SYLLABUS
MGTSC 707: Applied Business Analysis of Time Series and Panel Data (Fall, 2009)
Time / Location: Mondays 10.00 - 12.50, Bus B-12 Instructor: Dr. Ke-Li Xu, Assistant Professor
Office: Bus 3-40N Office Hours: by email appointment Telephone: 780-492-8076 Fax: 780-492-3325
E-mail: [email protected]
Course Overview
This course is organized into two parts. Part I covers univariate and multivariate time domain models of stationary and nonstationary time series. Topics covered include univariate time series models, volatility models, unit root tests, time series regression modeling, systems of regression equations, vector autoregressive models for multivariate time series and cointegration. In Part II the course introduces the issues and opportunities that arise with panel data and the main statistical techniques used for its analysis.
Topics covered include fixed-effects models, random-effects models, dynamic models and limited dependent variable models. The course will illustrate the estimation and inference strategies using the software . It is normally taken by students in the second year of the Business Ph.D. program.
Prerequisites
MGTSC 705 or a graduate-level course on linear model or econometrics.
Reading materials
[1] Tsay, R. S. (2005), Analysis of Financial Time Series, 2nd edition, Wiley-Interscience.

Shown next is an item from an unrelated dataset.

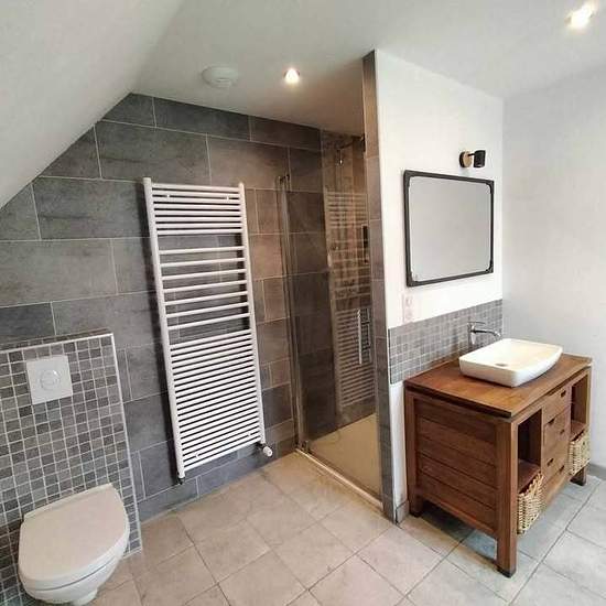 A louer Maison individuelle T4 d'une superficie de 120m2, située sur une parcelle de 8 ares bordée d'une rivière. Le logement est situé au cœur de Wingen-sur-Moder, à proximité des commerces (boulangerie, pizzeria, supermarché, etc...). Gare à 5 minutes à pieds (40 minutes de Strasbourg en TER). École maternelle, primaire et collège présents dans le village. La maison se compose de : -Rez de chaussé : Salon, Cuisine équipée (hotte, piano de cuisson, lave-vaisselle...), 1 Chambre coté Jardin, Toilette individuelle et Couloir d'entrée avec pla...

[2] Wooldridge, J. (2002), Econometric Analysis of Cross Section and Panel Data. The MIT press.
As their names suggest, I will select materials on time series from [1] and panel data from [2]. I will indicate which topics and chapters you should read as the course proceeds.
The second book is available online through the University library website. I recalled both books for reserve in the Winspear business library and they should be available shortly after the semester starts.
The following books are also useful for further reading: for time series,
[3] Hamilton, J.D. (1994), Time Series Analysis, Princeton University Press.
[4] Enders, W. (2004), Applied Econometric Time Series, Second Edition, John Wiley.
for panel data,
[5] Arellano, M. (2003), Panel Data Econometrics, Oxford: Oxford University Press.
[6] Baltagi, B. H., (2005), Econometric Analysis of Panel Data, Third Edition, John Wiley.
The software is free and can be downloaded from www.r-project.org. The following books are especially useful for learning R:
[7] W.N. Venables, D.M. Smith and the R Develop Core Team (2007), An Introduction to R.
(www.r-project.org)
[8] W.N. Venables and B.D. Ripley (2003), Modern Applied Statistics with S (4th Edition). Springer.
[9] C. Kleiber and A. Zeileis (2008), Applied Econometrics with R. Springer.
Problem Sets and Final Project
Assignments 85%
In-class participation 15%
The homework assignments are designed to familiarize students with the particular statistical skills taught in the previous classes. I will specify a deadline for each assignment. A zero is given for a missed or late assignment. Assignments are dropped in the dropbox on the 3rd floor of the Business building. R codes and outputs (or codes of other software) should be included in the assignments.
Academic Honesty
The University of Alberta is committed to the highest standards of academic integrity and honesty. Work submitted by students must be their own. Copying another student’s file for an assignment or the term project is not acceptable under any circumstances. Students are encouraged to discuss the course materials with other students (and myself), but they are not allowed to show the written work or numerical answers to other students. When you quote an article, book, webpage or any other source in your project, you must reference that source.